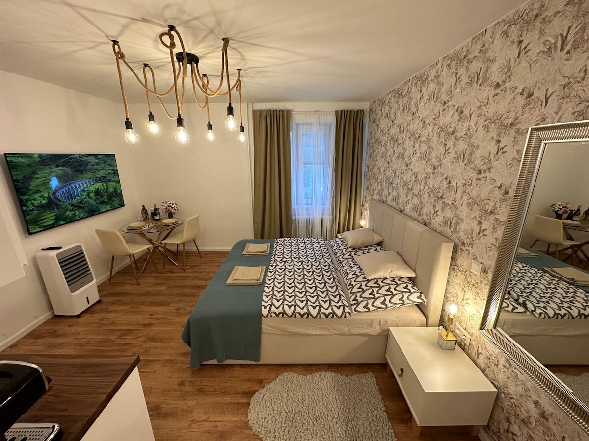 Однокомнатная квартира находится в нескольких минутах ходьбы от многих ресторанов, клубов и достопримечательностей Братиславы (например, главной площади, исторического оперного театра, Старой ратуши). Легко добраться по городу с близлежащих станций общественного транспорта. Полностью оборудованная кухня с посудой и основной посудой. Раскладная кровать размера «queen-size». Диван раскладной (удобно вмещает одного человека). Ванная с ванной. Предоставляется постельное белье и полотенца.
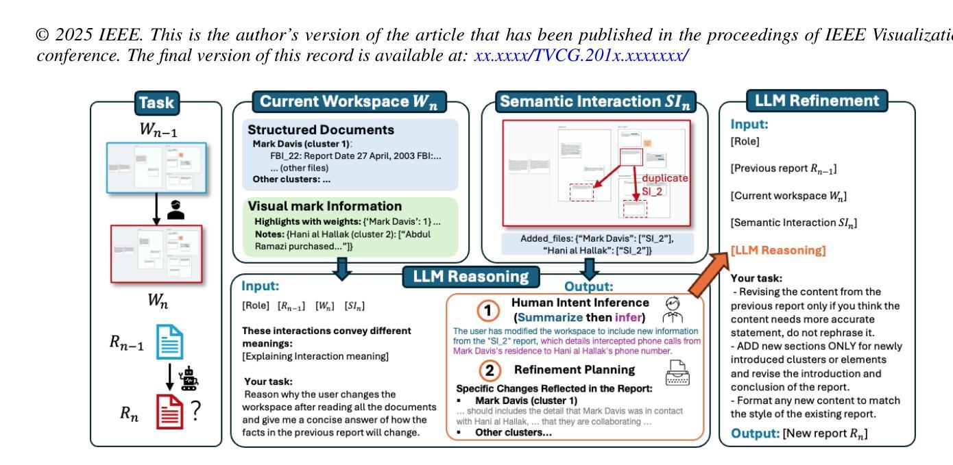 感知报告写作往往需要多次迭代和细化过程。虽然大型语言模型(LLM)在基于人类视觉工作空间表示生成初步报告方面显示出潜力,但它们难以在细化过程中精确地融入连续的语义交互。我们引入了VIS-ReAct框架,该框架能够推理视觉工作空间中新增的语义交互,以引导LLM进行报告细化。VIS-ReAct是一个两agent框架:主要LLM分析agent解释新的语义交互来推断用户意图并生成细化计划,然后是相应的LLM细化agent更新报告。通过案例研究,VIS-ReAct在目标细化、语义保真和透明推理方面优于基准和VIS-ReAct(无LLM分析)。结果表明,VIS-ReAct更好地处理了各种交互类型和粒度,同时提高了人-LLM合作的透明度。
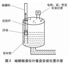 耐高溫磁翻板液位計安裝位置的選擇應根據(jù)該點的液位是否能真實反應酸槽實際液位。酸槽上耐高溫磁翻板液位計垂直安裝位置的選擇如圖2所示。

Work instructions - Please transcribe exactly the lines from the one containing "感知报告写作往往需要多次迭代" through the final line of the data, including both, and nothing else. Pictures are to be left out.

Solution for this problem -
 感知报告写作往往需要多次迭代和细化过程。虽然大型语言模型(LLM)在基于人类视觉工作空间表示生成初步报告方面显示出潜力,但它们难以在细化过程中精确地融入连续的语义交互。我们引入了VIS-ReAct框架,该框架能够推理视觉工作空间中新增的语义交互,以引导LLM进行报告细化。VIS-ReAct是一个两agent框架:主要LLM分析agent解释新的语义交互来推断用户意图并生成细化计划,然后是相应的LLM细化agent更新报告。通过案例研究,VIS-ReAct在目标细化、语义保真和透明推理方面优于基准和VIS-ReAct(无LLM分析)。结果表明,VIS-ReAct更好地处理了各种交互类型和粒度,同时提高了人-LLM合作的透明度。
 耐高溫磁翻板液位計安裝位置的選擇應根據(jù)該點的液位是否能真實反應酸槽實際液位。酸槽上耐高溫磁翻板液位計垂直安裝位置的選擇如圖2所示。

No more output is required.